■ **WHAT THE EXERCISE ASKS**
An exact copy of the listing below is required, minus its pictures.

■ **GIVEN INFORMATION**
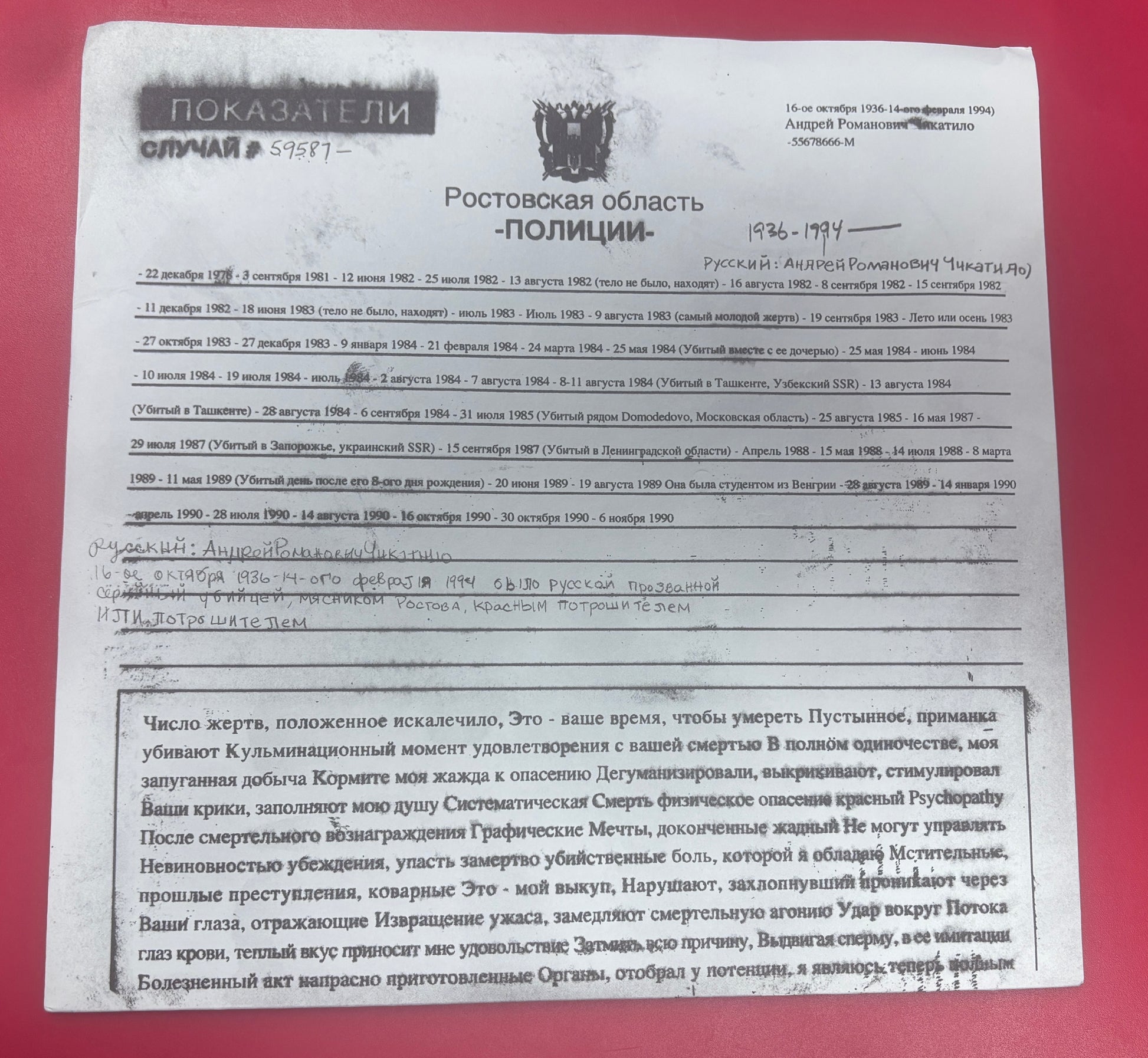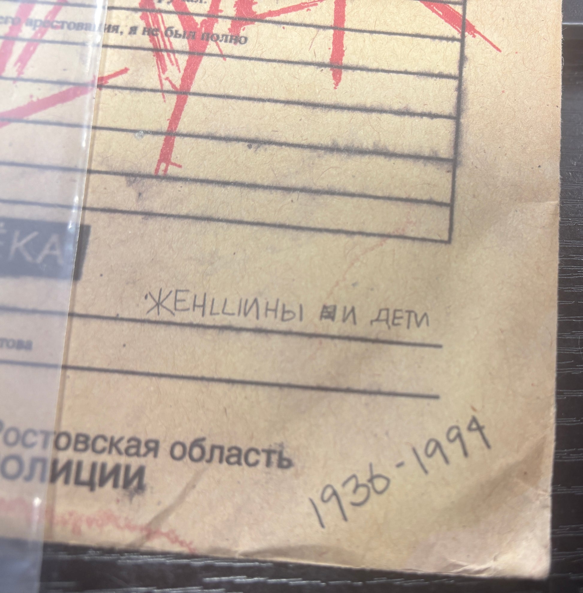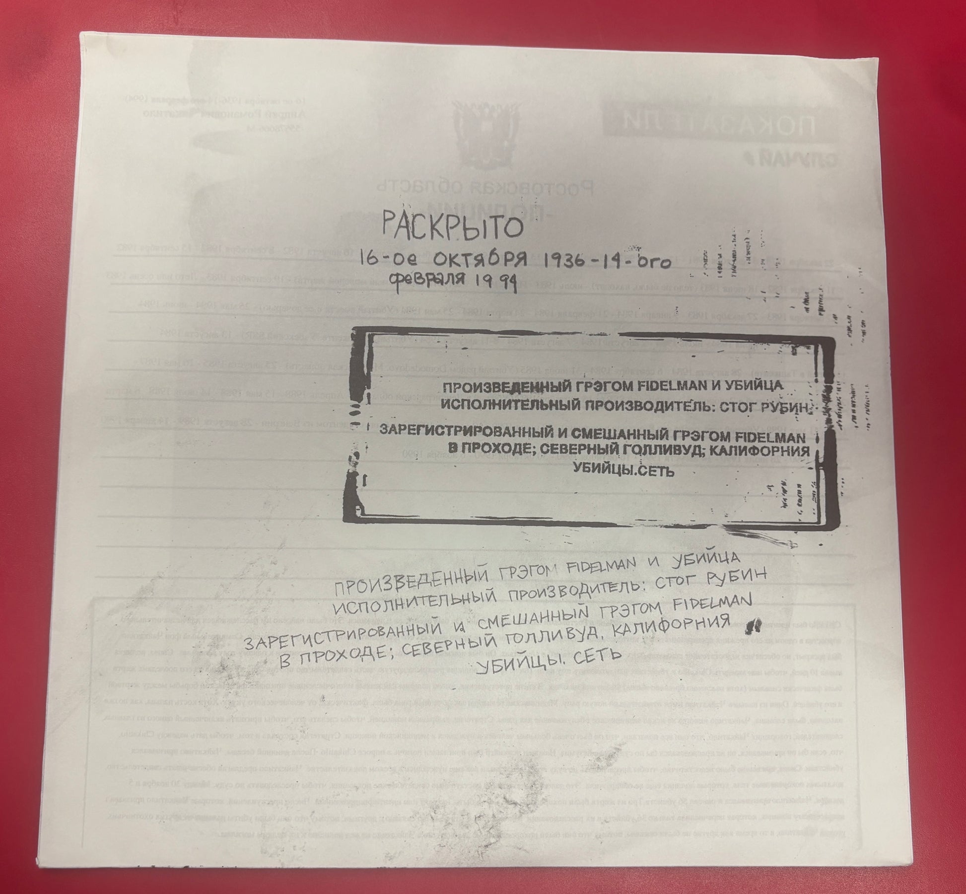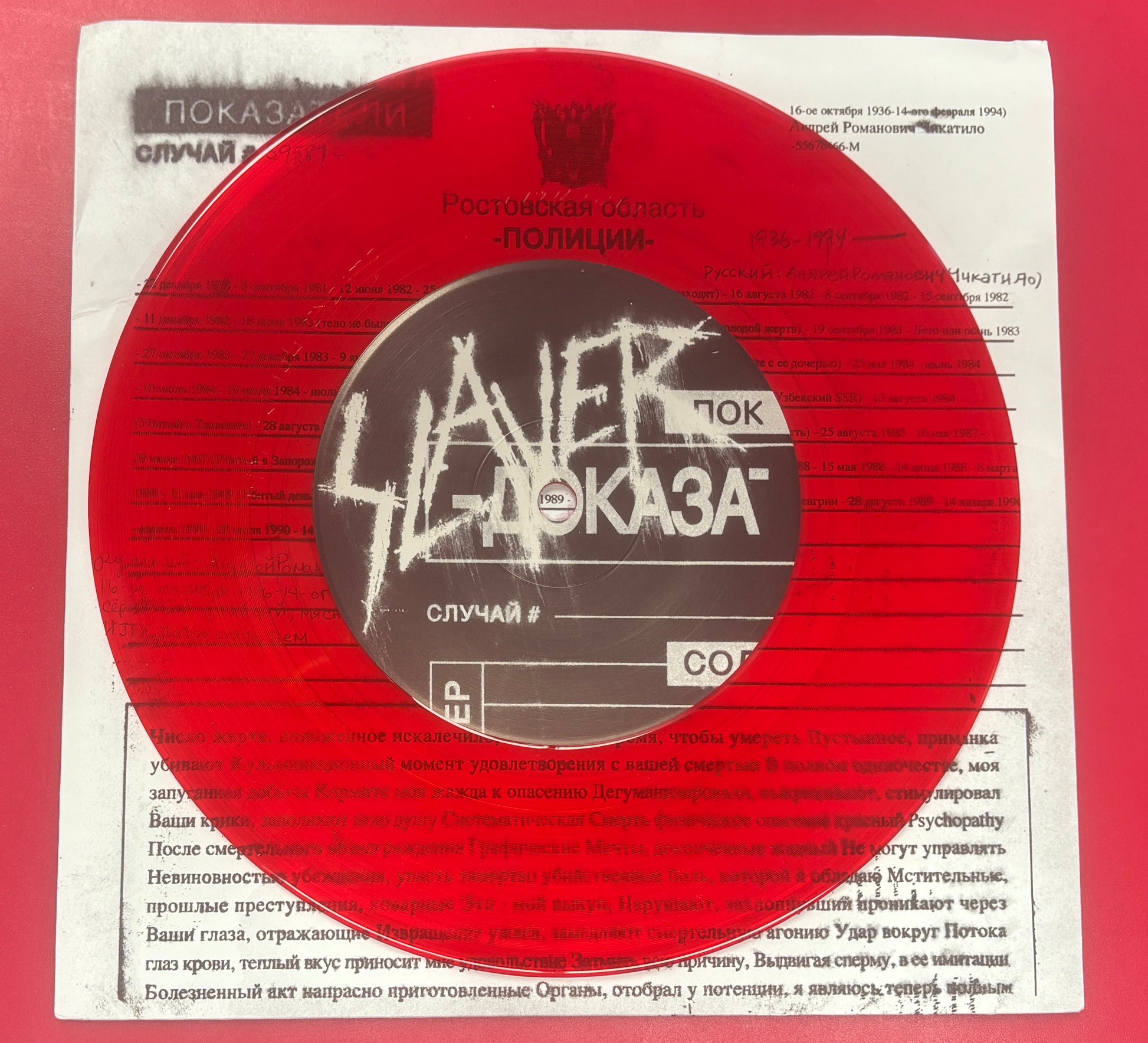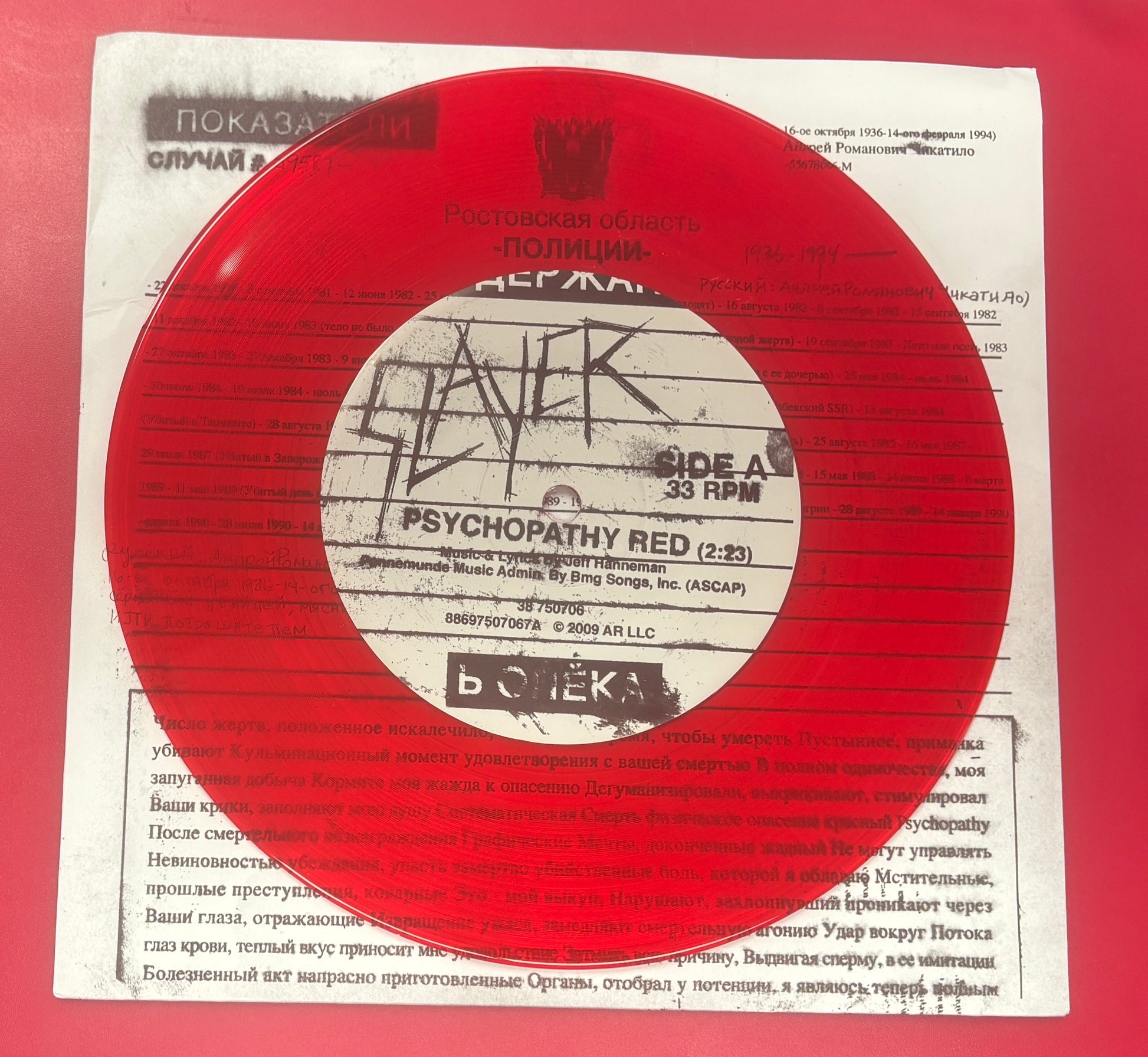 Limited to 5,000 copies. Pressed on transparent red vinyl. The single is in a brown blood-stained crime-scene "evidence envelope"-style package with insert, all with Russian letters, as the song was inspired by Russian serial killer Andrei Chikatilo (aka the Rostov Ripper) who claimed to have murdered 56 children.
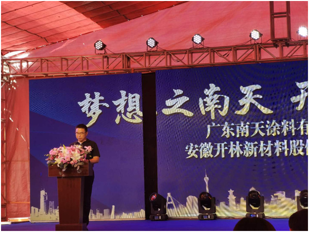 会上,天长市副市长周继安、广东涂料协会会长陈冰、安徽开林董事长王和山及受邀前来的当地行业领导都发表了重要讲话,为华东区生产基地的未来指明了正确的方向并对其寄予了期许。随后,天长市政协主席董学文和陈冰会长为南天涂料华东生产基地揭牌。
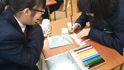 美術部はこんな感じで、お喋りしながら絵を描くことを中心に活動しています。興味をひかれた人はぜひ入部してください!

■ **TASK ANSWER**
 Limited to 5,000 copies. Pressed on transparent red vinyl. The single is in a brown blood-stained crime-scene "evidence envelope"-style package with insert, all with Russian letters, as the song was inspired by Russian serial killer Andrei Chikatilo (aka the Rostov Ripper) who claimed to have murdered 56 children.
 会上,天长市副市长周继安、广东涂料协会会长陈冰、安徽开林董事长王和山及受邀前来的当地行业领导都发表了重要讲话,为华东区生产基地的未来指明了正确的方向并对其寄予了期许。随后,天长市政协主席董学文和陈冰会长为南天涂料华东生产基地揭牌。
 美術部はこんな感じで、お喋りしながら絵を描くことを中心に活動しています。興味をひかれた人はぜひ入部してください!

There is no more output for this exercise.